Required action:
When you reach the line that contains "Unter dem Titel", please begin copying, and carry on exactly to the last line of the material, leaving out every picture.

=== Begin Enclosure ===

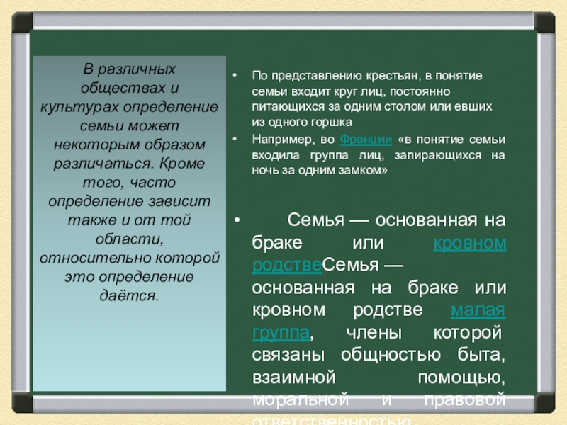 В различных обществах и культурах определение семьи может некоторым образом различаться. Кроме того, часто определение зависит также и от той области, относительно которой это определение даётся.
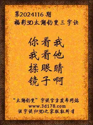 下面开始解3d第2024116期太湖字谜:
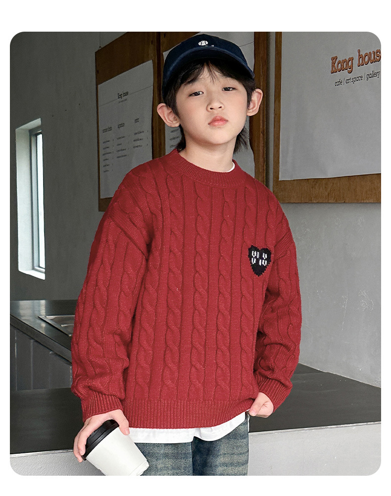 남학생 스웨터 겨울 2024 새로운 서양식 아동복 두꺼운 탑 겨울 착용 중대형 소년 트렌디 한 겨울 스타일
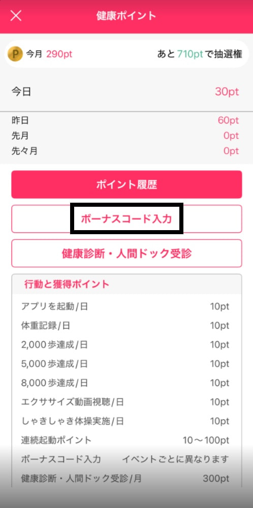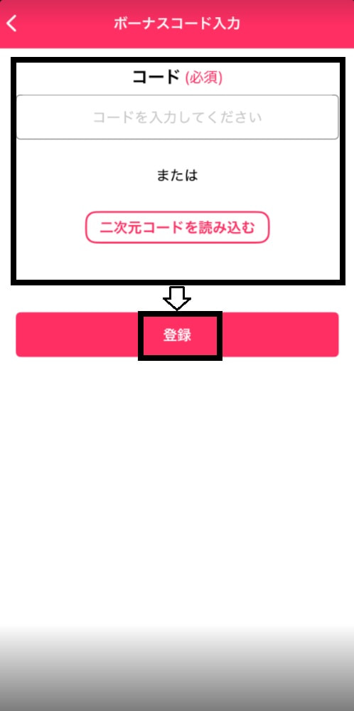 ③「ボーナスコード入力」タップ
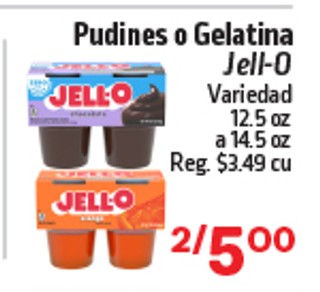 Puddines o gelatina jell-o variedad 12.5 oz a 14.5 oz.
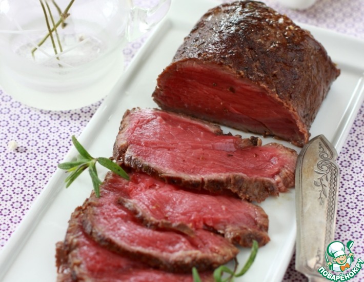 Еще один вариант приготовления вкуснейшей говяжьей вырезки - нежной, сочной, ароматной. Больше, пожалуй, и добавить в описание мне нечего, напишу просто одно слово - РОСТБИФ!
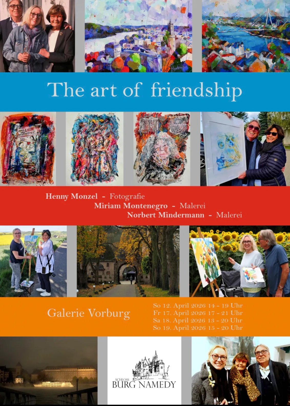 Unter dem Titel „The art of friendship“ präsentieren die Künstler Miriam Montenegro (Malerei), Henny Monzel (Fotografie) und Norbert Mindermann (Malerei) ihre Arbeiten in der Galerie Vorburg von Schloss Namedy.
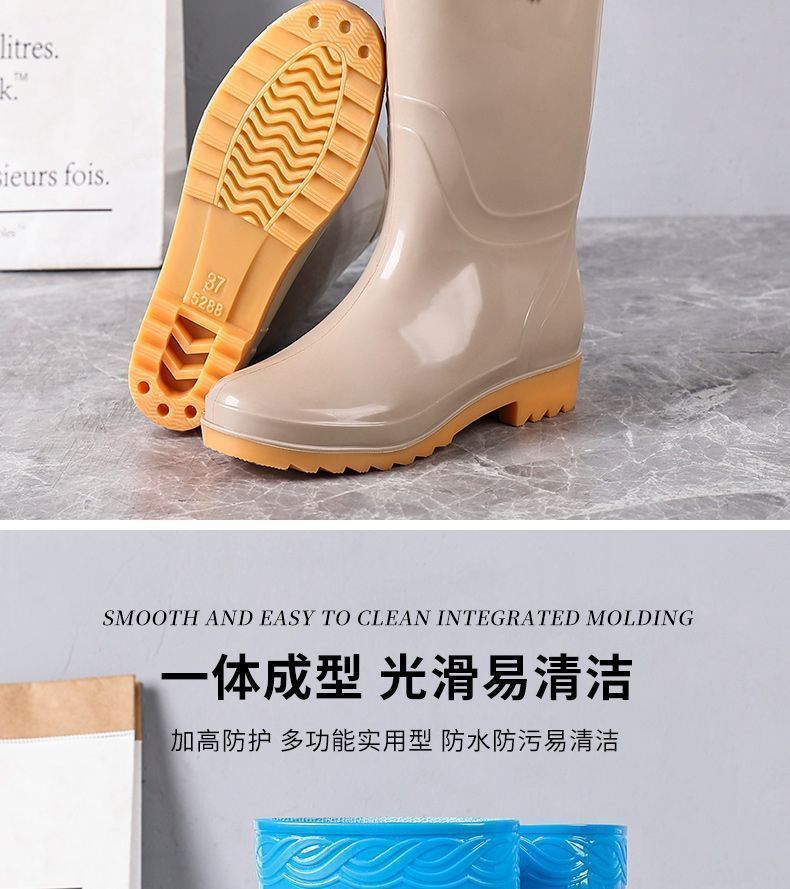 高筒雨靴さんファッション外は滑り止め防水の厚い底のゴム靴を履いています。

=== End Enclosure ===

Response box:
 Unter dem Titel „The art of friendship“ präsentieren die Künstler Miriam Montenegro (Malerei), Henny Monzel (Fotografie) und Norbert Mindermann (Malerei) ihre Arbeiten in der Galerie Vorburg von Schloss Namedy.
 高筒雨靴さんファッション外は滑り止め防水の厚い底のゴム靴を履いています。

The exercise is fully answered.